If you’re not yet using these tools, consider discussing their potential with your managers. You might share resources like ThoughtWorks’ perspective on LLM bans or even this article to emphasize their importance. As I’ve mentioned in my previous post, these tools are continuously improving, and early adoption can help you and your team stay ahead.

In this post, I’ll evaluate AI-powered IDEs based on the following criteria:

“Live” code suggestions
LLM Chat integration with the IDE
RAG performance boost
Agent performance boost

Note: All screenshots were taken in Cursor IDE using my naive RAG implementation personal-ai-assistant.

“Live” code suggestions

The first significant release branded as an AI coding game-changer was Google Copilot’s in-line code suggestions. While relatively simple, this feature was groundbreaking at the time. The idea was that, instead of manually writing code, AI could suggest code snippets for you. You could then choose to apply the suggestion (usually by pressing Tab) or continue typing as you preferred.

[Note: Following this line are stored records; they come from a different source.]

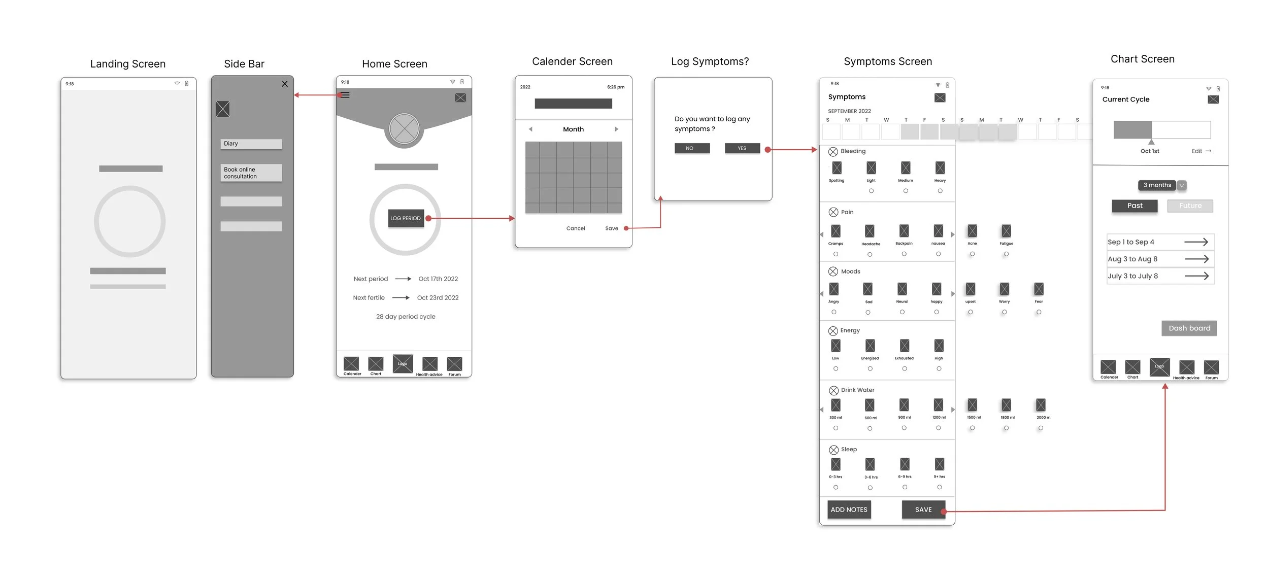 She then starts using the app and gets overwhelmed with too much information. Also, she couldn’t find any health advice section/ or forum page for questions. She doesn’t gets any reminder about her period’s due date. She then checks out the features however unable to input her moods during cycle and also there is no option to book doctor’s appointment.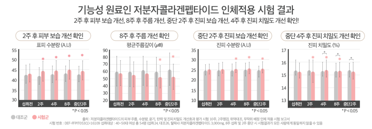 아래 자료는 저분자콜라겐펩타이드 인체적용 시험의 결과인데요, 피부 보습, 주름의 개선이 확인된 것을 확인 할 수 있었습니다.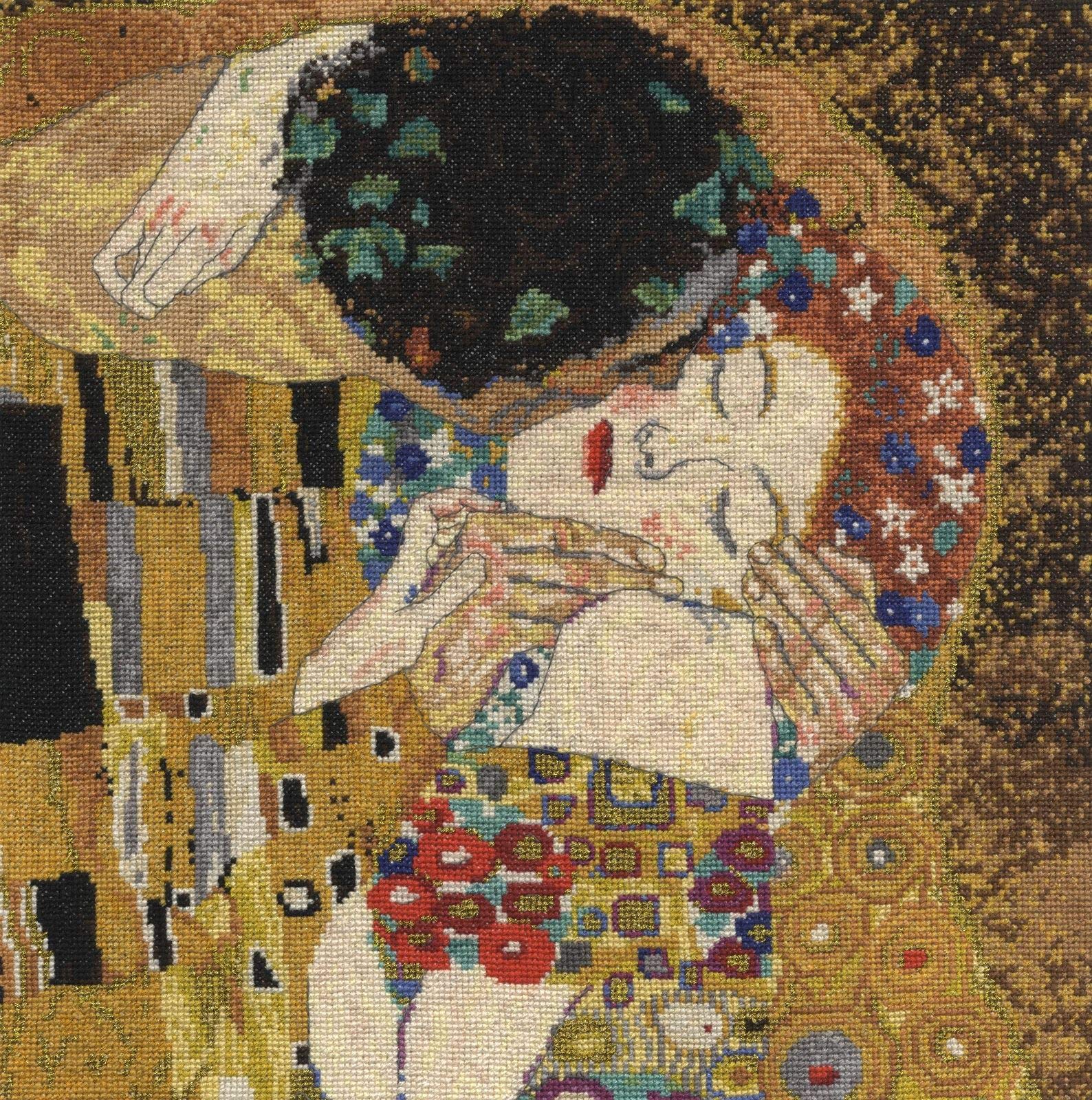 Cross-stitch kit "The Kiss" a masterpiece of modern art by Gustav Klimt (July 14, 1862 - February 6, 1918) an internationally known Austrian painter. This complete kit is for experienced embroiderers.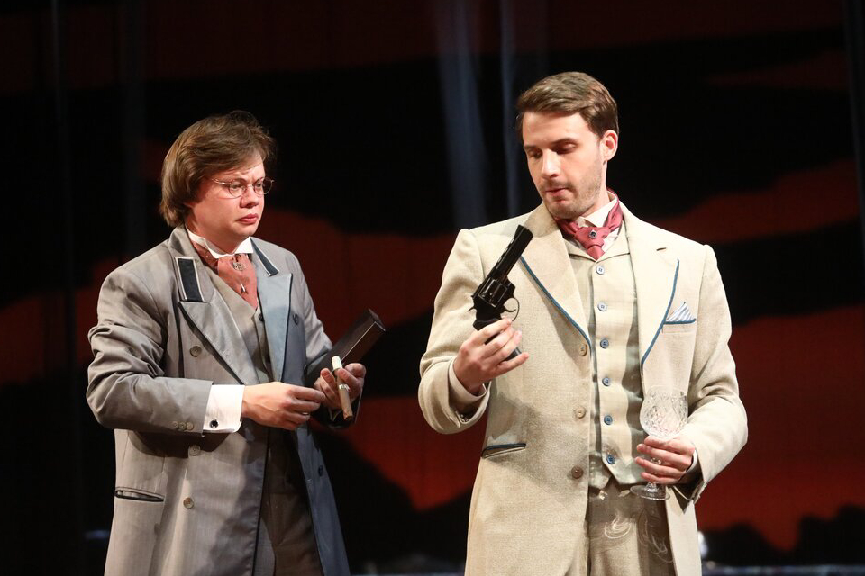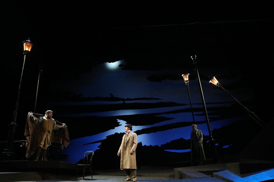 Желая создать что-то свежее и новое, режиссёр спектакля Александр Вельмакин обращается к декорациям, наделяя их символическим содержанием. Созданная в стиле модерн сцена представляет собой разноуровневую платформу из ступеней, предстающую одновременно и городским бульваром, и верандой, и палубой парохода, и образом дисгармонии и замкнутости героев пьесы. Действующие лица постоянно нарочно задевают ступени, словно спотыкаются на несогласии с позицией собеседника. Острые углы сразу намекают зрителю о трагизме истории, сотканной из конфликтов и неудовлетворённости. Уходящие под откос фонари одновременно показывают объёмность созданного пространства и нестабильность внутреннего мира персонажей.

At that time, the most advanced model powering these suggestions was GPT-3 Codex, which is now considered obsolete. The hype around Copilot was immense, but its actual performance often fell short of expectations. Users frequently had to insert artificial comments into their code to make the suggestions more accurate. Without detailed code context, Copilot struggled to provide meaningful suggestions, often producing outputs only marginally better than random guesses.

One of GitHub Copilot’s biggest selling point is its integration into the most popular IDEs (VSCode plugin, Intellij plugin, etc.). This makes it incredibly easy to get started. Convincing developers to switch to a new IDE (like Windsurf) is a challenging proposition. Developers are creatures of habit, and most are not early adopters, making adoption of new tools slower.

However, incorporating GitHub Copilot into existing IDEs still presents challenges. When using Copilot, some built-in suggestions from the IDE itself may become unavailable. Considering that Copilot’s suggestions are not always accurate, this can be frustrating for developers who have to switch between Copilot and the IDE’s native autocomplete features.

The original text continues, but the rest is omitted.